Step 4 – Appoint a Data Protection Officer (If You Need To)
Not every organization will need a DPO, but with estimates of DPO positions topping 75,000, the time to determine if you need one is now. Under GDPR, a DPO is required for all public authorities, organizations which regularly process personal data on a large scale, and when sensitive data is processed.
GDPR language is maddeningly short on what terms such as “large scale” and “sensitive” mean, but DPO’s will be needed by organizations that process personal data as a core part of their business and also for any organization that captures or processes any form of tracking and profiling on the internet, including for the purposes of behavioral advertising.
Step 5 – Establish Enterprise Visibility
Most organizations, beginning their journey to GDPR compliance, understand the importance of identifying the location of personal data repositories and focus on systems as SAP, Oracle databases and middleware, Marketo, and Salesforce. But these large systems often represent just a fraction of the systems that process personal data. Like an iceberg, the vast majority of applications are often effectively invisible, unconsidered by the GDPR team and include SaaS applications purchased by business units with little to no involvement by IT.

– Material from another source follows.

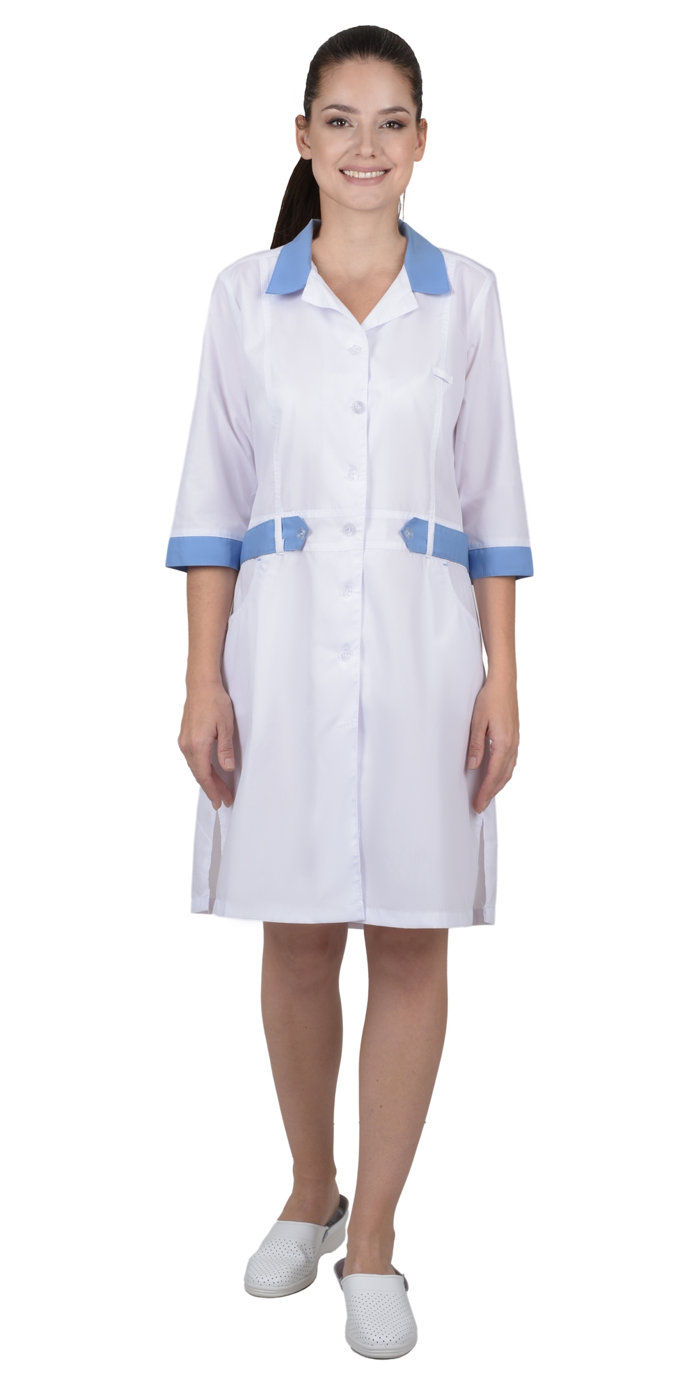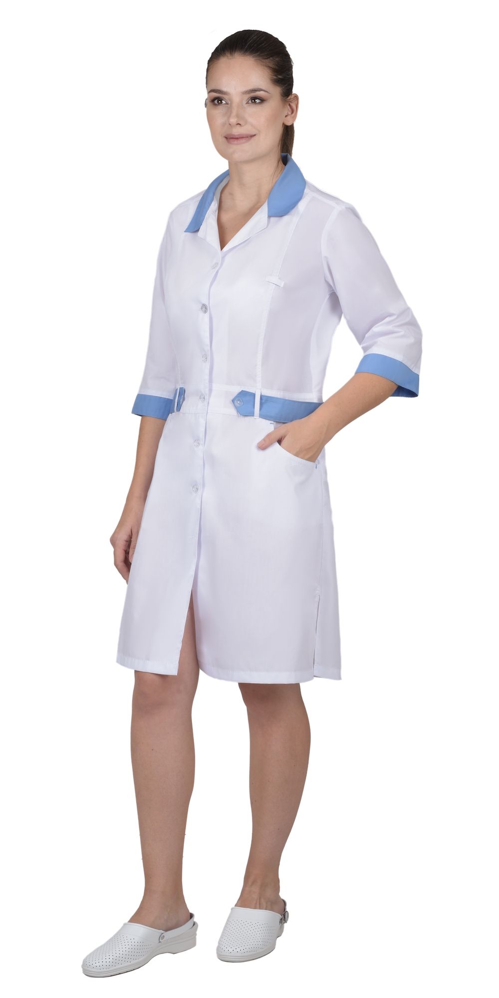 Халат ЕВА, тк.смесовая, цв.белый/голубой

Step 6 – Eliminate Personal Data Blind Spots
The funny thing about blind spots is that they are often unknown unknowns. You don’t even know you have them. While this works great for bald spots on the back of your head, it isn’t quite so advantageous when it comes to unknown personal data repositories. Use existing or new automated discovery tools to uncover all personal data repositories across the enterprise.

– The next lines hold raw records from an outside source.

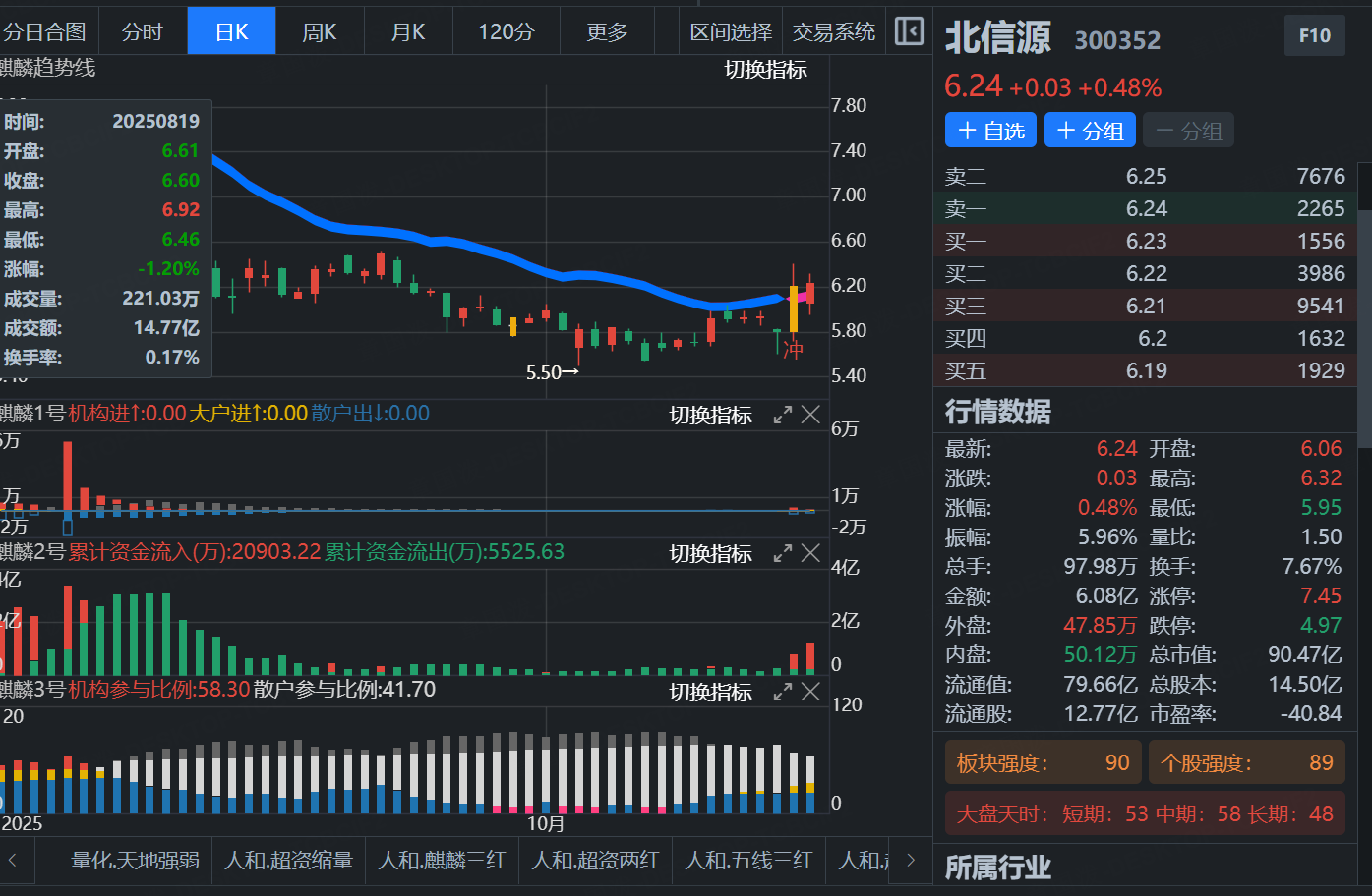 该股经过两个月横盘震荡之后,今日日线再次低位大阳穿麒,个股强度89,结合上麒麟指标1号主力牢牢控盘,2号资金净流入,3号目前机构持仓比例不断增加,结合战法规则,明天我们通过盘中确认功能结合个股强度,寻找合适参与机会。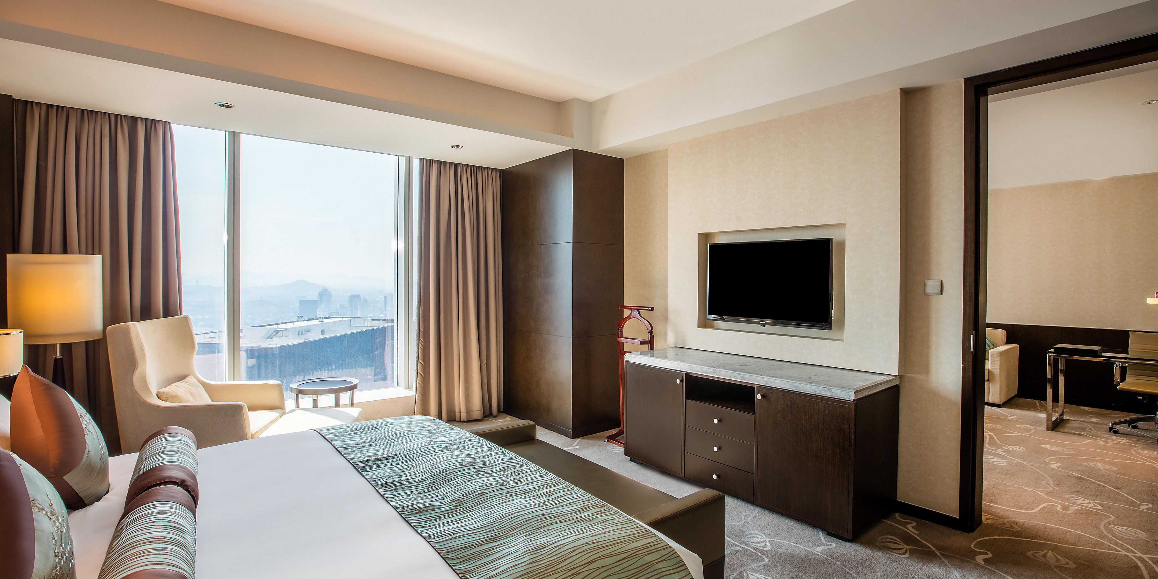酒店擁有453間典雅舒適的客房和豪華套房,均配備高速無線網絡、液晶平板電視、迷你吧及視野開闊的大落地窗。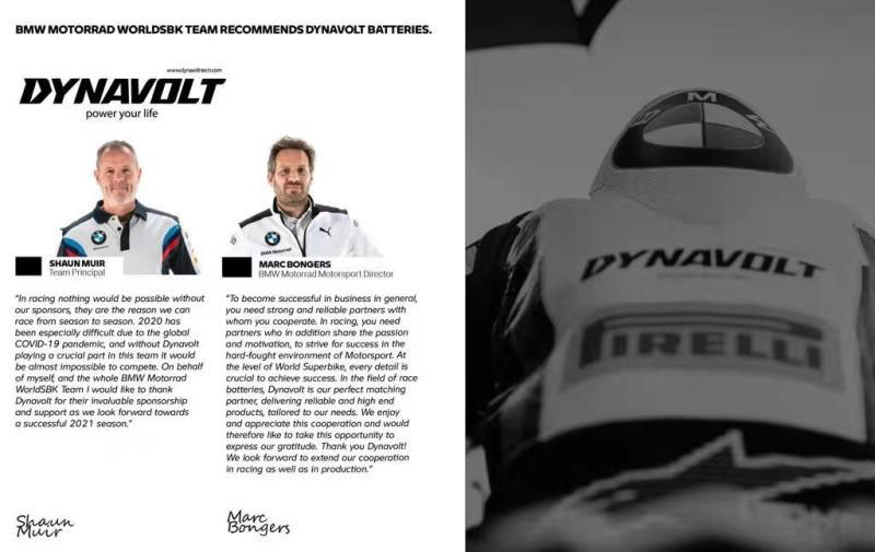中國儲能網(wǎng)訊:近日,在寶馬集團(https://www.press.bmwgroup.com/global/registration)的網(wǎng)站,刊登了題為BMW MOTORRAD WORLD TEAM RECOMMENDS DYNAVOLT BATTERIES的文章,文中,寶馬車隊經(jīng)理肖恩?繆爾和馬克?邦格斯都對猛獅表示了由衷感謝。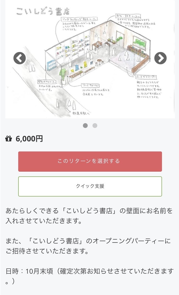 追加リターンとして、「こいしどう書店」への名入れと、オープニングパーティーご招待をご用意しました。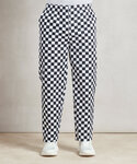 Unisex pull on chef’s trouser. Available in large “Black & White” Check or Black. Elasticated waist for easy pull on trouser. Unisex sizing. Stocked in 30.5” inside leg. Side swing pockets. Draw cord.

- Pro-Tip: Beware of mobiles. Mobile devices are regulated by GDPR as are all technologies used for the processing of personal data. Not only do these devices maintain personal data, they also process information on the user. In addition, they are especially susceptible to be being lost, potentially running afoul of GDPR directives on maintaining control of personal data.
Step 7 – Build Your People, Process, and Technology Arsenal
There is no silver bullet to GDPR compliance. No single application you can buy or consultant you can hire. Instead, GDPR compliance takes a combination of people, process, and technology.

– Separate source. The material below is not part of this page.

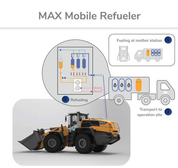 Parallel dazu wurde bei Liebherr die Entwicklung der ersten großen Baumaschinen mit Wasserstoffantrieb in Angriff genommen, um in wenigen Jahren große Radlader und große Raupenbagger der ersten Generation mit Wasserstoffmotor anbieten zu können, sodass anhand dieser Entwicklungen auch die Expertisen notifizierter Stellen und weiterer Wissensträger in den Task eingebracht werden können.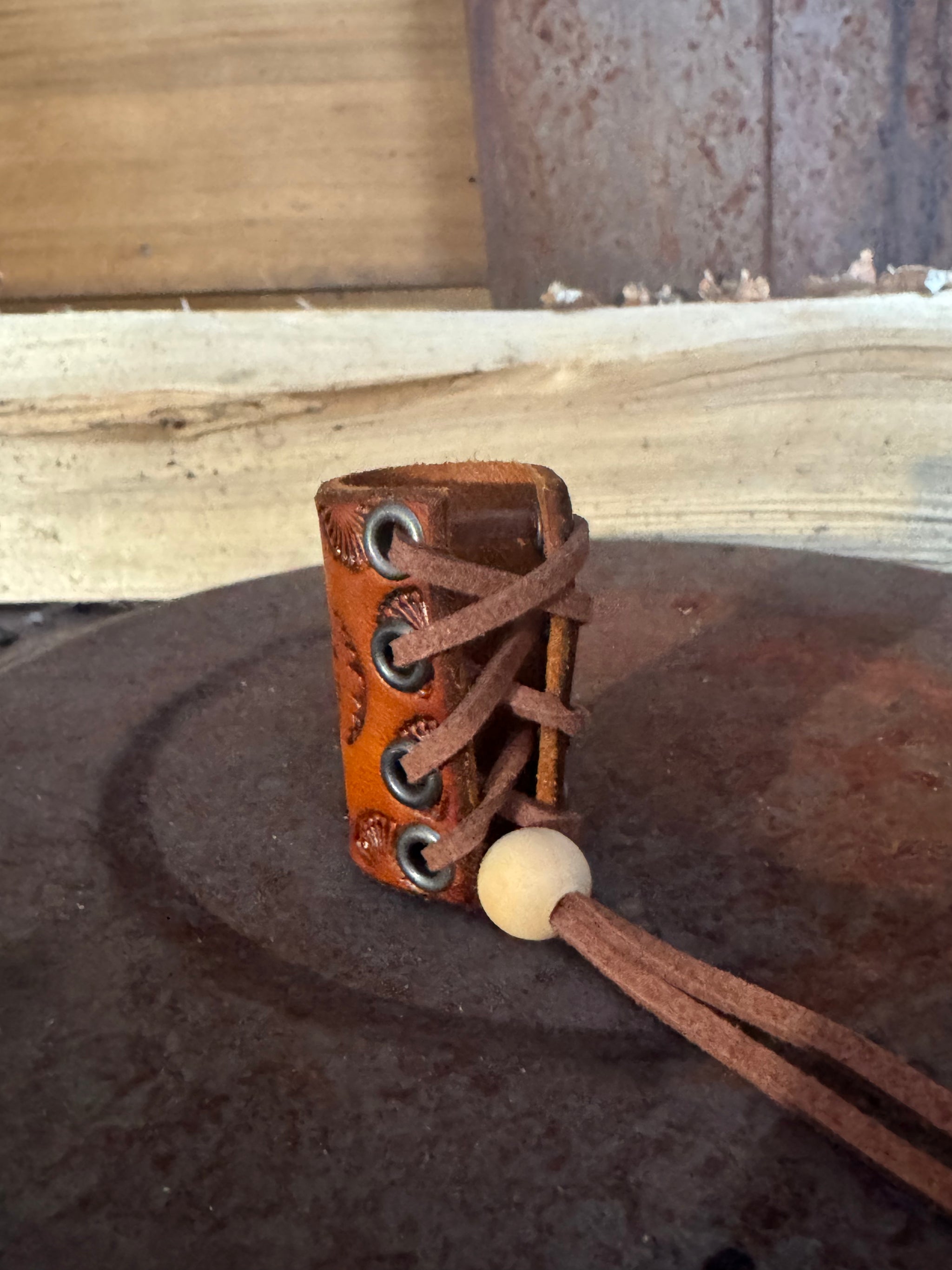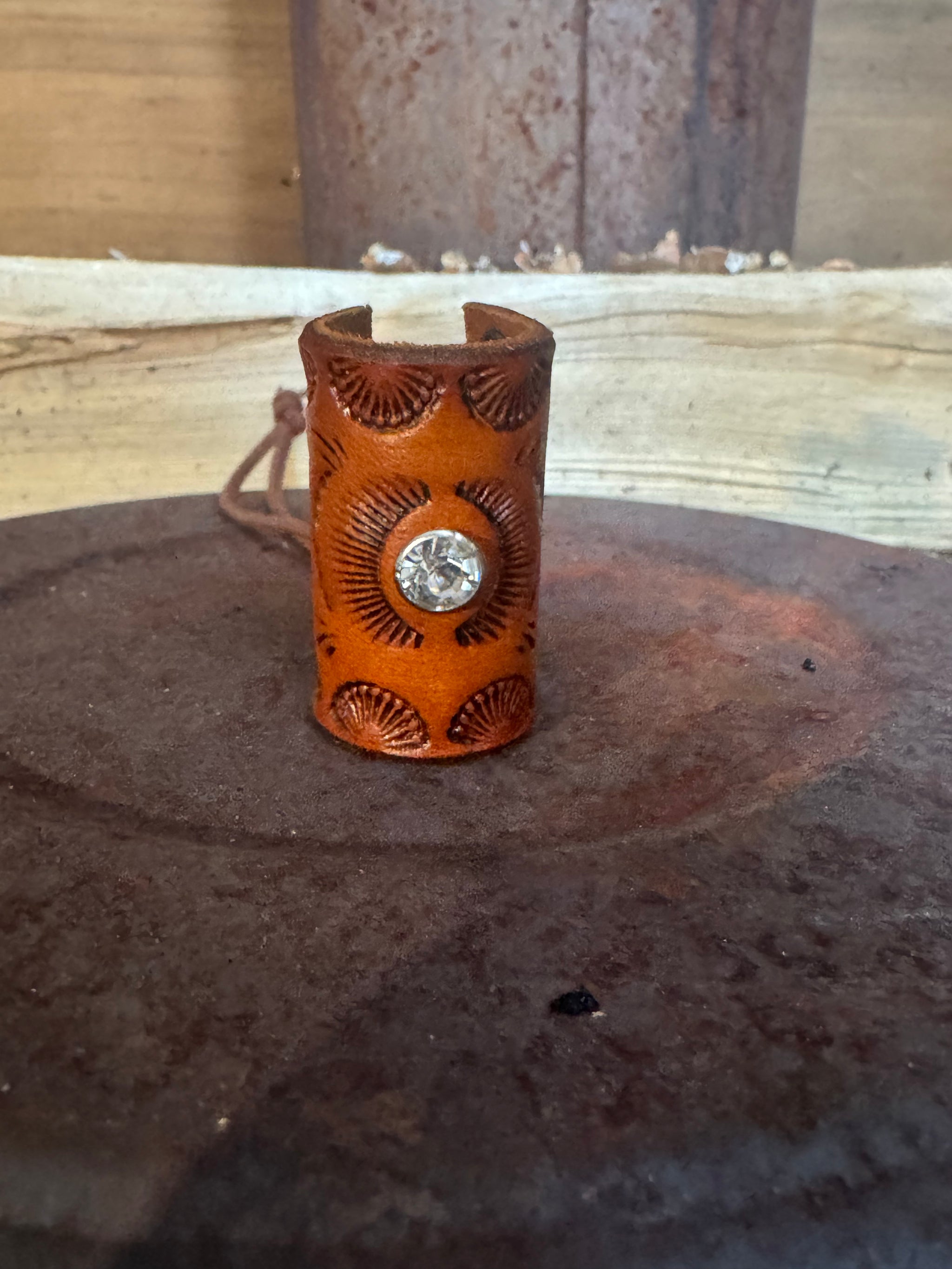 Saddle tan with big crystal stone and black corset back

People. Set up a cross-functional data governance team, made up of the DPO, IT leaders and business leaders from a range of functions including Compliance, Legal, HR, Customer Service, and Marketing.
Process. Once the data governance team has defined what personal data means, they need to share this understanding across the organization. In addition, privacy rules must be documented and shared across all lines of business.
Technology. There are a number of solutions that can accelerate and maintain GDPR compliance including case management systems for handling data subject requests, data discovery systems for finding applications (including Snow’s own GDPR Risk Assessment), structured data, and unstructured data, Identity and Access Management to track role management and who has access to which data, and Software Asset Management which can help create the system, users, and device visibility required to ensure claims of “compliance” are based on a complete understanding of the enterprise.